Farme! Brasileira

Autor(a): Zunnichi


Volume 2

Capítulo 45: Favores

O que se sucedeu após o desastre na praça de alimentação se tornou um grande problema para Lucas.

De forma resumida, ele se tornou a pessoa mais famosa do Brasil de um dia para o outro, o único a ter uma habilidade multifuncional.

Supostamente o limite humano era de elevar suas capacidades a certo nível ou usar uma característica em específica, mas aquele rapaz ia contra todos esses preceitos e remodelou o que se julgava como “habilidade” de alguém.

Isso tudo porque o rapaz demonstrou não só um uso sobrenatural de vento, mas todos os seus atributos físicos eram fora do normal e ele ainda podia usar outros elementos.
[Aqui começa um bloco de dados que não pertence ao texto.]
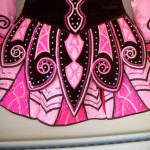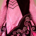 We are the second owner of this unique Elevation Designs dress made in 2009. The pink is bright and super shimmery and the brown is dark chocolate.

A situação se tornou tão extrema com a fama absurda adquirida que Lucas foi forçado a procurar Xing Xong para terem uma longa conversa.

— Você está me pedindo para ter uma moradia isolada do mundo e os equipamentos de treino de última geração assim? Ora, eu poderia fornecer, mas preciso de…

— De ervas-da-manhã de alta qualidade, eu sei. — Ele jogou sua bolsa em cima da mesa entre os dois, cheia de medicinas criadas com o nível máximo de maestria. — Tenho coisa melhor, manda isso pros seus mestres pra eles verem que meu pedido é sério.

Depois disso, não demorou nem duas horas para que uma tonelada de dinheiro e o pedido de Lucas fosse acatada como um pedido de Deus.

Outra coisa que ocorreu no ínterim de ser o homem mais famoso do Brasil e o momento atual foi sua relação com Xing Xong.

Os dois se tornaram meio próximos, especialmente porque o chinês o ajudou nas questões judiciais e seu ocultamento na mídia por um longo tempo.

Eles fizeram inclusive um trato para a venda constante de itens, o que já arrecadou uma boa grana para Lucas, que agora não precisava nem trabalhar de tanta grana no bolso.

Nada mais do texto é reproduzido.